I had heard before that prize bond draws were manipulated, but there
was no way of proving this. But in the Rs. 15000 prize bond draw (no.
45) held in Peshawar on 3rd January 2011, there is circumstantial
evidence that this is indeed true.
In that draw, three consecutive numbers (018845, 018846 & 018847) won
prizes. The first prize (Rs. 3 crore) went to number 018847, the
second prize (Rs. 1 crore) went to 018846 (along with two other
numbers), while 018845 was one of the numbers winning the third prize
of Rs. 185,000.
According to the law of probability, the chance of a particular number
being drawn at random from 1,700 numbers is one in 1,700. (A total of
1,700 prizes is awarded in each draw). For two particular numbers
being drawn from the same lot of 1,700, the probability is one in
2,890,000. But for three particular numbers to be drawn, the
probability rises to one in 4,913,000,000. Put in simpler terms, what
happened is a miracle. For this to have happened, 4.913 billion draws
would have to be held.
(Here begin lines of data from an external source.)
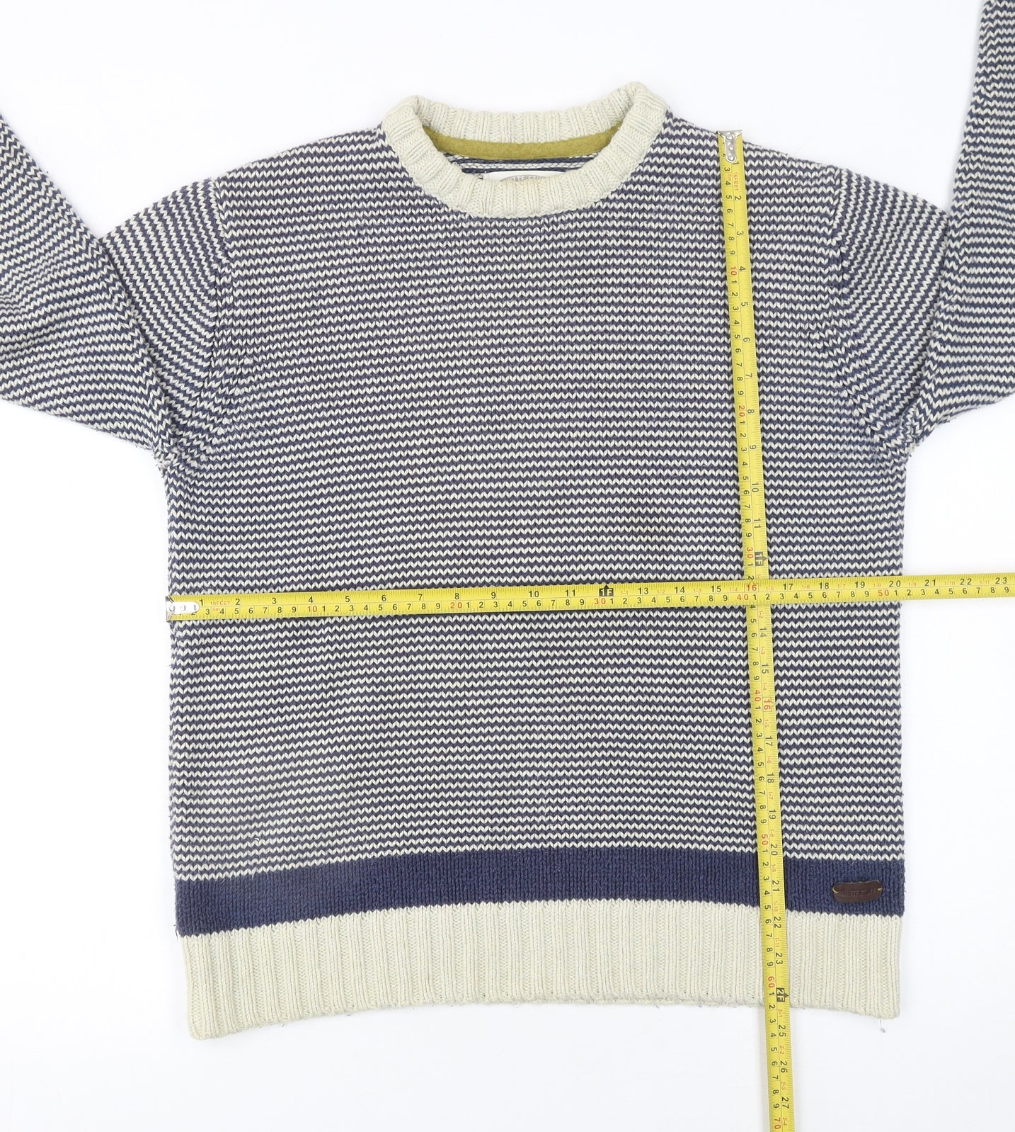 Regular price£17.25£1725Regular priceUnit price / perSale price £17.25 GBPFat Face Men's Blue Waffle-Knit Wool Blend Crew Neck Jumper Size M
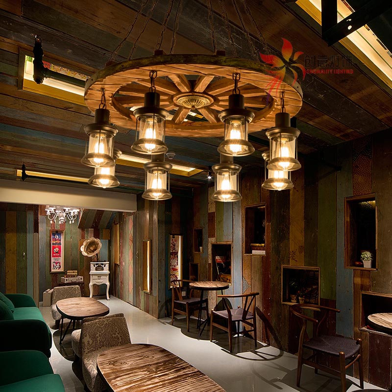 American country retro ship wood chandelier industrial style creative nostalgic bar decoration diffuse coffee dining room wood lamps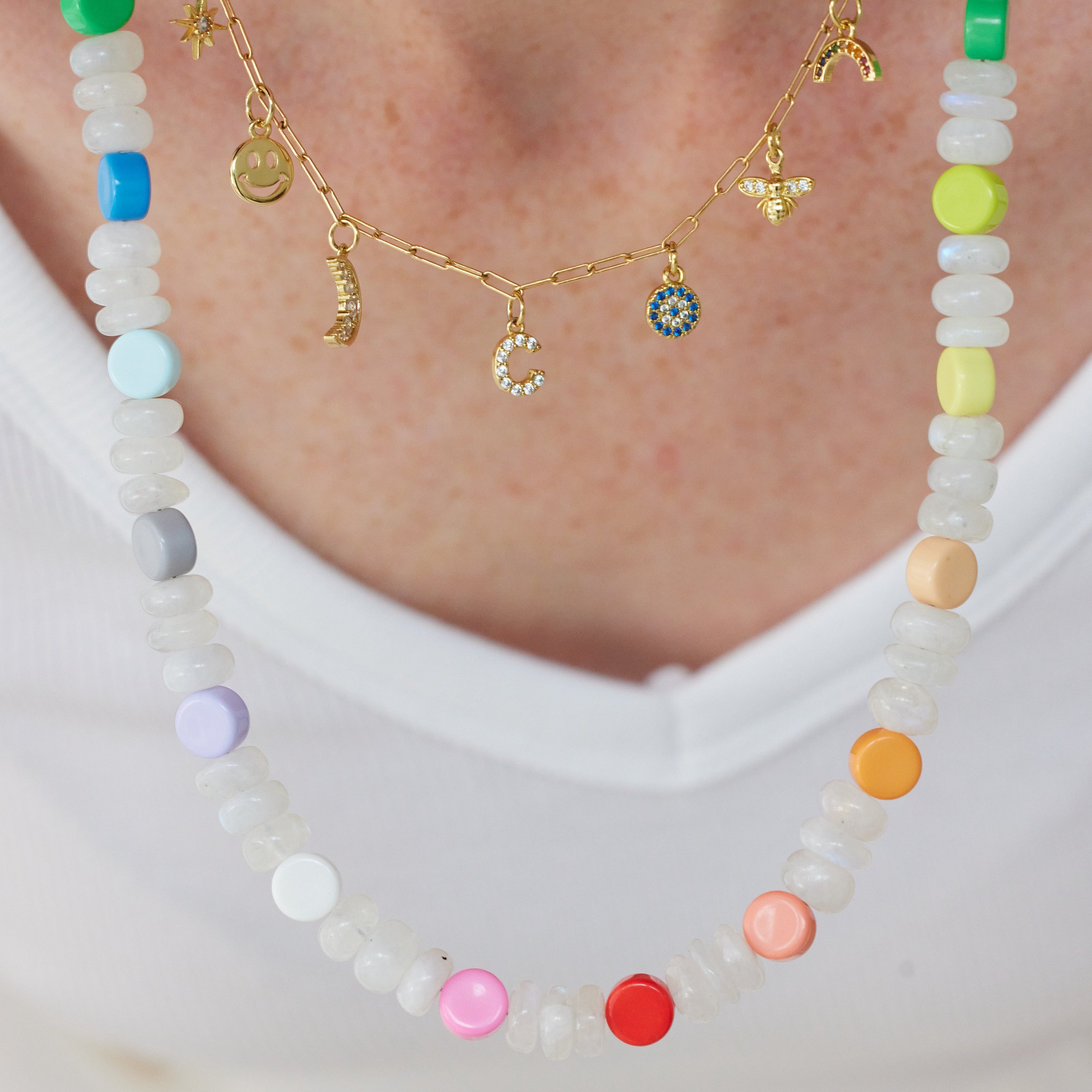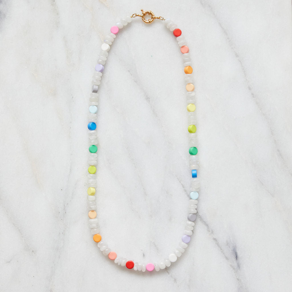 Keep your gems away from harsh chemicals, perfumes or lotions. This may cause tarnishing. Although we recommend wearing your necklace by the water, we suggest keeping it out of the pool or ocean.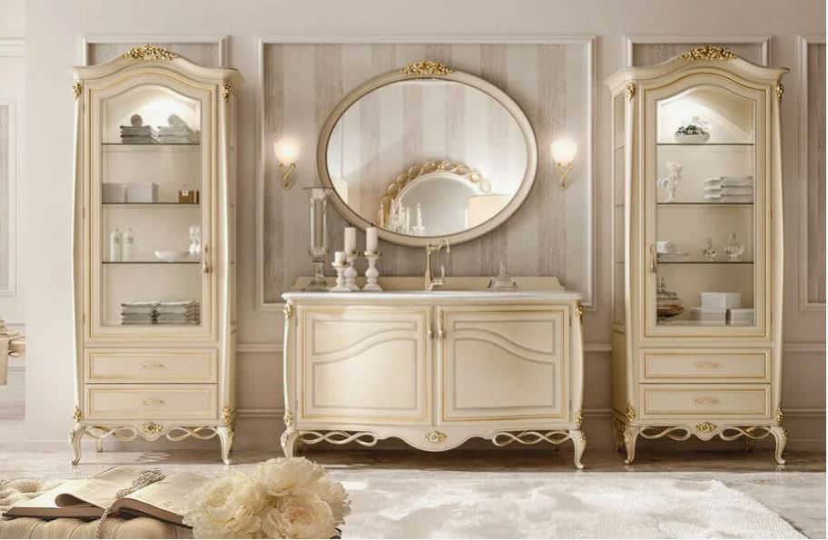Shaped dresser with 3 big drawers, presented in a classic style Italian company SIGNORINI COCO&C, collection Forever. Made of solid wood, decorated with carved elements.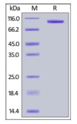 | Molecular Mass : | The protein has a calculated MW of 92.4 kDa. The protein migrates as 106 KDa under reducing (R) condition (SDS-PAGE) due to glycosylation. |

In short, it could have happened only once in
1.28 billion years (since there are four draws of Rs. 15,000 bonds
held every year).
Now you don’t have to be a certified moron to guess what happened.
Someone who owned each of the three prize bonds paid the computer
operator to ensure that the three numbers would be drawn. In that
case, he earned Rs. 40,185,000 (part of which went to the computer
operator). But there is another frightening possibility. There are
eight series in the Rs. 15,000 prize bond category (each containing
the winning numbers). What if only one person had all the 24 bonds in
existence bearing the three numbers? He would then be richer by Rs.
321,480,000 (over Rs. 32 crores).
In this case, one cannot deny the
possibility of government functionaries being involved. And if you
consider that there are prize bond draws of other denominations held
many times every year, there must be many such scams taking place.